That doesn’t mean that parents shouldn’t play with their kids. In fact, Dr. John Delony of the Dr. John Delony podcast, says that play is a great way to build connections even with older children. It is best if parents let their kids take the lead and avoid bombarding them with question after question about what they are doing. Instead the CDC recommends actively listening to your child and describing your child’s behavior and what they are doing.
Wow! You built a ramp for your cars and are making them go fast down the ramp. Can I have a try?
Dr. Karp recommends three types of play every day:
- Creative (arts and crafts, water tables, sensory bins, toy cars)
- Outdoor (hiking, running, swimming, digging in the dirt, nature walks)
- Reading
Play makes for happier and healthier kids; happier and healthier kids are more likely to exhibit positive behavior.
This packed masterclass is one of the 60+ masterclasses you get when you join the AFineParent Academy today. Click here to learn more.
#3: Provide Consistent Praise
Catch your children doing something good and tell them!
Wow! You drew that picture all by yourself? How’d you think of that?
I liked the way you behaved in the store. How do you feel about that?
You went to the bathroom in the potty! Yay! Good job.
Praising your children for behavior you want to see happen will green light that behavior in the future.
The right kind of praise can be tricky to navigate.
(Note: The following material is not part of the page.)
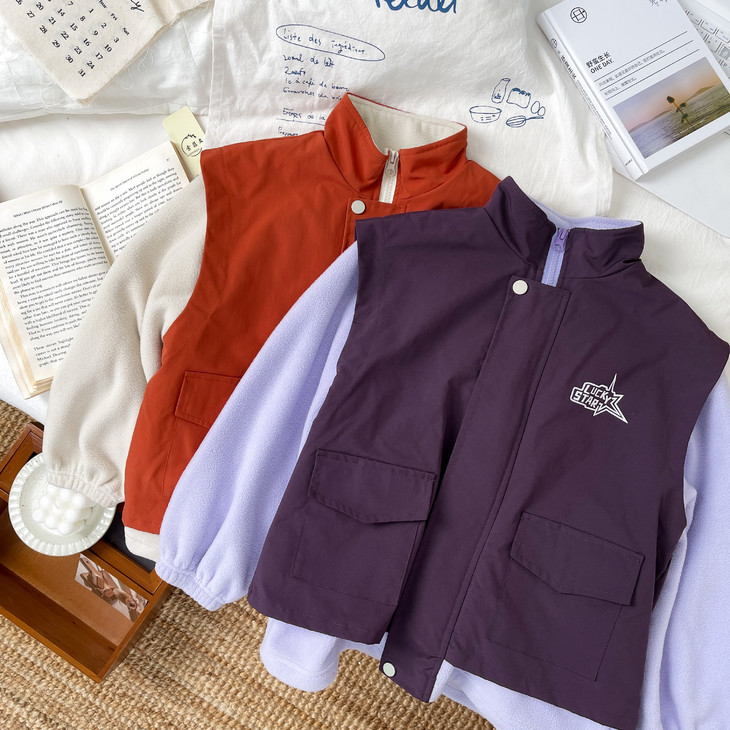 出口品质❗️❗️【儿童户外防风假两件外套】里层摇粒绒➕外层防风马甲,一件顶三件💪🏻防风保暖,轻盈灵动,工装口袋与立体剪裁😎胖瘦宝宝都能穿出潮酷范儿~
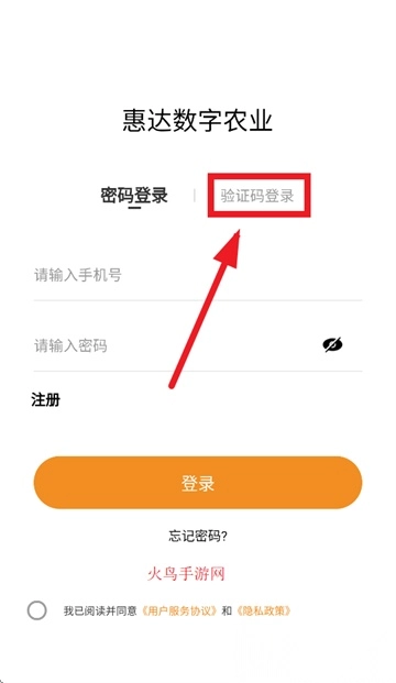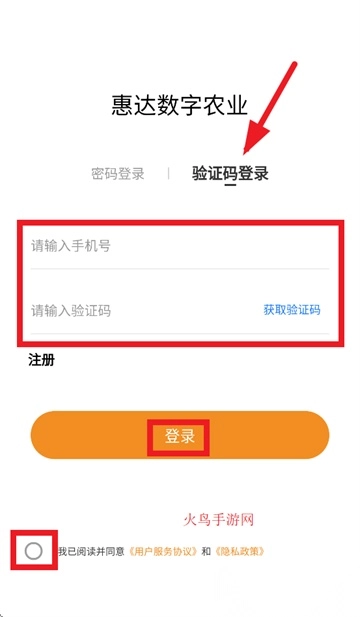 输入注册手机号及收到的短信验证码,勾选同意用户服务协议和隐私政策,点击登录按钮完成操作。

But try to remember to praise effort, not talent.
For example, instead of “You’re amazing. What a great artist you are!” try saying, “Wow, you worked really hard on that painting. Tell me about it.”
With the right kind of consistent praise, your child will be confident in continuing his positive behavior, even in the face of adversity.
#4: Gossip About Your Child
While gossiping may bring to mind a negative picture, it can be a positive way to green light behavior. Young children eat this up! What you want to do is gossip about your child, but not behind their back! You want your child to actually hear you talk about them.
Magnify your gossiping by being as non-discreet as possible. You can cup your hands to your mouth with the dramatic flair of a whisper, yet make your volume loud enough for your child to hear. You may want to gossip to Dad or a sibling; but if another person is not available then a stuffed animal or toy will work just as well!
Instead of gossiping about bad behavior, you want to focus on the positive behavior your children are doing throughout the day.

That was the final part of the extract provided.